If you need more to make your self diagnosis, try this orthopedic test. Raise your arm in front of you (the bad shoulder, dummy) to an overhead position while keeping your pinky up and thumb down. If that movement hurts or is impossible due to pain, then you likely have some degree of shoulder impingement.
Now, some guys think it’s macho to just train through pain. But, while getting your nipple pierced without flinching would make you quite cool, trying to train through SIS isn't cool at all. It's downright stupid. This is one of those conditions that only gets worse with use. Complete time away from the gym may be necessary to see progress in the right direction. But don't worry, my friend, I'm not gonna leave you hangin’. Dr. Feelgood is in the house to show you how to correct and yes, even prevent Shoulder Impingement Syndrome.
Shoulder Biomechanics
Impingement syndrome is defined as a compromise of the space between the head of the humerus and the acromial arch. In simple terms: the top of your upper arm bone is too high and close to your acromion (part of the shoulder blade-scapula) and your clavicle (collarbone). This decrease in space can come from either a structural problem (usually bone) or a functional problem (usually muscular). Since a structural problem would likely show up as soon as someone begins lifting weights, we’ll focus on functional causes of impingement, which are most likely the culprit in the gym.
When you raise your arm, a complex chain of events takes place. A group of muscles called the scapular stabilizers (serratus, trapezius, levator scapulae, rhomboids, and teres major) function in a very precise manner to ensure that the scapula is in the right place at the right time. At the same time, the rotator cuff muscles (supraspinatus, infraspinatus, teres minor, and subscapularis) finely coordinate the movement of the humerus to ensure proper alignment in relation to the scapula.
If these muscles do not coordinate this movement perfectly, the head of the humerus is likely to rise up and forward and bump into the bottom of the acromion. (To feel the top of your acromion, slide your fingers from the middle of your collarbone outward toward your deltoid. Just before getting to your deltoid you will feel the top of your acromion sticking up a bit.) When this impingement occurs, the supraspinatus muscle and tendon, as well as the subacromial bursa, are trapped between the humerus and the acromion. When two soft structures are trapped between two bony structures, you can guess who loses. This results in swelling and tenderness of this bursa (bursitis) and the supraspinatus muscle and tendon (tendonitis).
Strength
The way to ensure that the scapular stabilizers and the rotator cuff muscles can do their job is to make sure that these muscles are strong and flexible. Let’s begin with a sample strength and flexibility program that may help to prevent or correct impingement syndrome.

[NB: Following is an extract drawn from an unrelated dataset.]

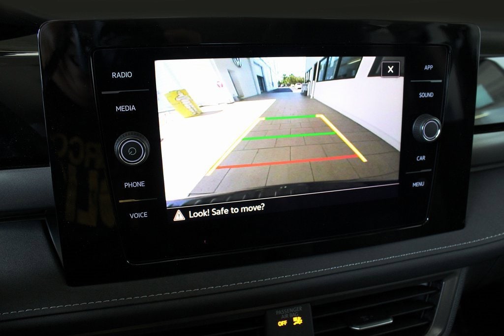 Well equipped with 4-Wheel Disc Brakes, 6 Speakers, ABS brakes, Active Blind Spot Monitor, Air Conditioning, Alloy wheels, AM/FM radio: SiriusXM with 360L, Auto High-beam Headlights, Auto-Dimming Rearview Mirror w/HomeLink Connect, Automatic temperature control, Brake assist, Bumpers: body-color, CloudTex & Cloth Seating Surfaces, Compass, Delay-off headlights, Driver door bin, Driver vanity mirror, Dual front impact airbags, Dual front side impact airbags, Electronic Stability Control, Emergency communication system: VW Car-Net Safe & Secure 5-year, Exterior Parking Camera Rear, Front anti-roll bar, Front Bucket Seats, Front Center Armrest, Front dual zone A/C, Front reading lights, Front Strut Rear Torsion Beam Suspension, Front wheel independent suspension, Fully automatic headlights, Heated door mirrors, Heated Front Bucket Seats, Heated front seats, Heated steering wheel, Illuminated entry, Leather Shift Knob, Low tire pressure warning, Occupant sensing airbag, Outside temperature display, Overhead airbag, Overhead console, Panic alarm, Passenger door bin, Passenger vanity mirror, Power door mirrors, Power driver seat, Power moonroof, Power steering, Power windows, Radio data system, Radio: MIB3 Composition Media AM/FM/HD, Rain sensing wipers, Rear anti-roll bar, Rear seat center armrest, Rear window defroster, Rear window wiper, Remote keyless entry, Rubber Mats Kit, Security system, Speed control, Speed-sensing steering, Split folding rear seat, Spoiler, Steering wheel mounted audio controls, Tachometer, Telescoping steering wheel, Tilt steering wheel, Traction control, Trip computer, Variably intermittent wipers, VW Care, and Wheels: 18" Black Painted Alloy.

Train your rotator cuff two times per week (for example: Monday and Thursday.) You might even work your way up to doing this routine three times per week (for example: Monday, Wednesday, and Friday.) The two basic exercises for rotator cuff are the sword and the seatbelt exercises. They are to the rotator cuff what squats are to the legs.
To perform the sword exercise, begin with a handle attached to a pulley set at the lowest position on the cable crossover machine. To exercise the right rotator cuff, stand with the pulley on your left-hand side. Reach across the front of your body and grasp the handle with your right hand. This will be the starting position. Begin the exercise by raising your arm up and out to the side. You should end up with you arm slightly (about 30 degrees) above horizontal and your palm facing forward. Your arm will basically be at the “Y” position of the YMCA dance maneuver. If you’re not sure what that is, go to your nearest retro dance club and request the song YMCA by the Village People. Then you’ll see what the “Y” position looks like. This exercise is called the sword because its execution resembles taking a sword out of its sheath.
To perform the seatbelt exercise, begin with the handle set just above head level on the cable crossover machine. This time, to exercise the right cuff you’ll begin with the cable on your right side. Reach up and grasp the handle with your right hand with your palm facing forward. Your arm should be about 45 degrees above horizontal (the “Y” position.) Begin the movement by bringing your arm down and across to the left. This will resemble fastening your seat belt in the passenger seat of a car. You’ll end up with your palm facing your body with your hand just in front of your left hip.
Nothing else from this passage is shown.